Method and System for Creating Customized Sound Recordings Using Interchangeable Elements

Info

Publication number: 20100199833
Type: Application
Filed: Feb 8, 2010
Publication Date: Aug 12, 2010
Inventor: Brian McNaboe (Seattle, WA)
Application Number: 12/701,605

Abstract

A method and system that automatically generates customized recorded music by intelligently selecting and assembling component audio elements from a set of interchangeable elements that are known to be musically compatible. It utilizes explicit and inferred audience preferences data in selecting, and even modifying in real-time, the delivered audio over a computer network.

Description

Description

CROSS-REFERENCE TO RELATED APPLICATIONS

This application claims the benefit of U.S. Provisional Patent Application No. 61/150,893 filed Feb. 9, 2009 which is hereby incorporated by reference herein in its entirety.

STATEMENT REGARDING FEDERALLY SPONSORED RESEARCH OR DEVELOPMENT

Not Applicable

REFERENCE TO SEQUENCE LISTING, A TABLE, OR A COMPUTER PROGRAM LISTING COMPACT DISC APPENDIX

Not Applicable

BACKGROUND OF THE INVENTION

This invention relates generally to the formation of customized audio recordings and particularly to the creation of custom music.

Music recordings are often created by first recording a plurality of elements of a song, grouped by instrumentation, and then combining them using studio processes into a single “mixed-down” representation of the song. For example, a song recording by a musical group may be created by first individually recording vocal, guitar, drums, bass and keyboard performances as distinct sound recordings. These elements are then combined by studio professionals into a sound recording that can be made available to listeners as a single cohesive work (possibly in multi-channel stereo format), often distributed in the form of a vinyl record, compact disc, MP3 or streamed over the internet. This approach allows artists, producers and recording engineers flexibility during the creation process, and simplified distribution and playback after mix-down.

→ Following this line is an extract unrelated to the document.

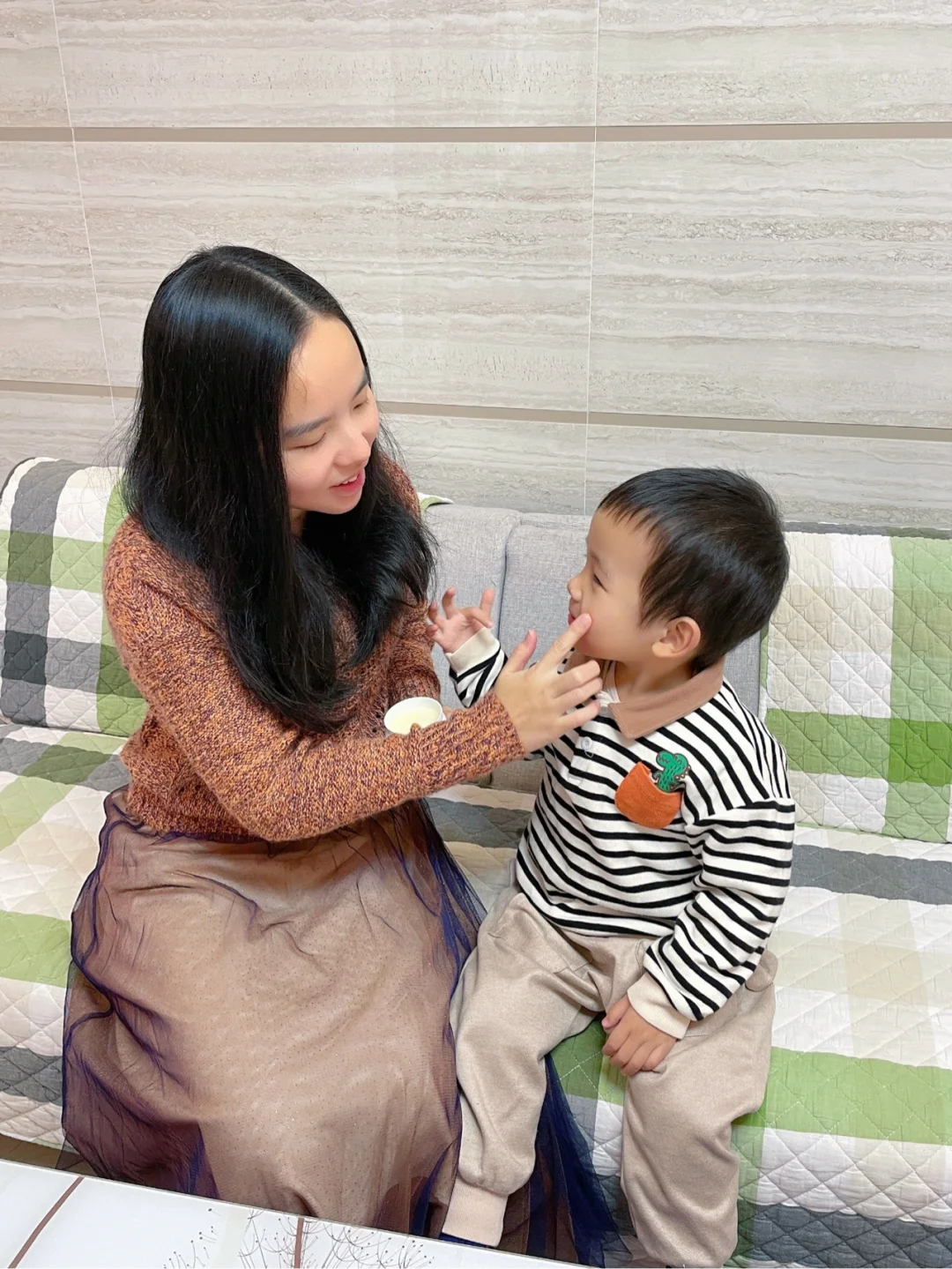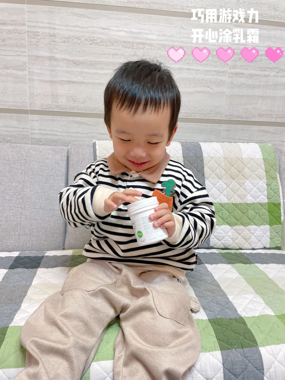✨怎么做:你假装是双皮奶。“我是甜甜的双皮奶,可好吃了,今天想和你的嘟嘟脸做朋友,嘟嘟脸和小手也想尝尝我的味道。”这时孩子就会乖乖让妈妈涂乳霜🧴,或者要自己涂

Once a song has been mixed-down into its final distributable state, it is extremely difficult to cleanly separate back out, or disentangle, the originally discrete contributing elements for inspection, remixing, customization or any other purpose. In this traditional approach relatively few song variations are readily available to music consumers, and they have limited ability to modify or customize the basic song recording once it has reached this mixed-down state. Thus, song flexibility for consumers is relatively restricted with very limited ability to customize a song to personal taste or other requirements. Furthermore, marketing and revenue opportunities for content creators, rights holders, music services providers and others are similarly confined.

Although there exists music recommendation systems that attempt to match the listener's preferences to the music being played, many operate at a macro-level. An example is Pandora Internet Radio, by Pandora Media, Inc. In general, song recommendation systems attempt to automatically select songs from a collection of available songs based on explicit or implicit preference information for the listener. However, they have no ability to make micro adjustments to the song itself to further personalize the experience or even allow a user to significantly personalize the song himself.

To the other extreme, there are also products that allow the user full and complete control over the composition of a song by allowing them to work with the song elements prior to mix-down. This allows for maximum flexibility and creative control in the song creation process. The most powerful products available for working with song elements directly can be grouped into a class of software applications known as digital audio workstations. Two such applications are Pro Tools, by Avid Technology Inc., and Logic Pro, by Apple Inc. These tools are most often used by studio professional and require significant training and experience to use properly.

There also exist systems that allow a user to manually select sound elements to be included within a song. Available elements may or may not be limited to those with a natural musical fit (for example, based on key or rhythmic matches). Furthermore, these systems may or may not allow a user to modify the song while it's playing. Although such a system does allow a user some flexibility to customize a song and requires little or no training, it is still a somewhat manual process requiring the user to be actively involved in each modification.

A problem with existing art in the field of automatic song creation, such as described in U.S. Pat. No. 6,404,893 entitled “Method for producing soundtracks and background music tracks, for recreational purposes in places such as discotheques and the like” by Enrico lori issued in June, 2002, is that that they do not sufficiently account for user preferences, generally leading to generic and less personally appealing results.

BRIEF SUMMARY

It is therefore an object of the present invention to provide a method and system whereby a consumer with no music training or ability can generate and access customized songs per personal taste or other requirements.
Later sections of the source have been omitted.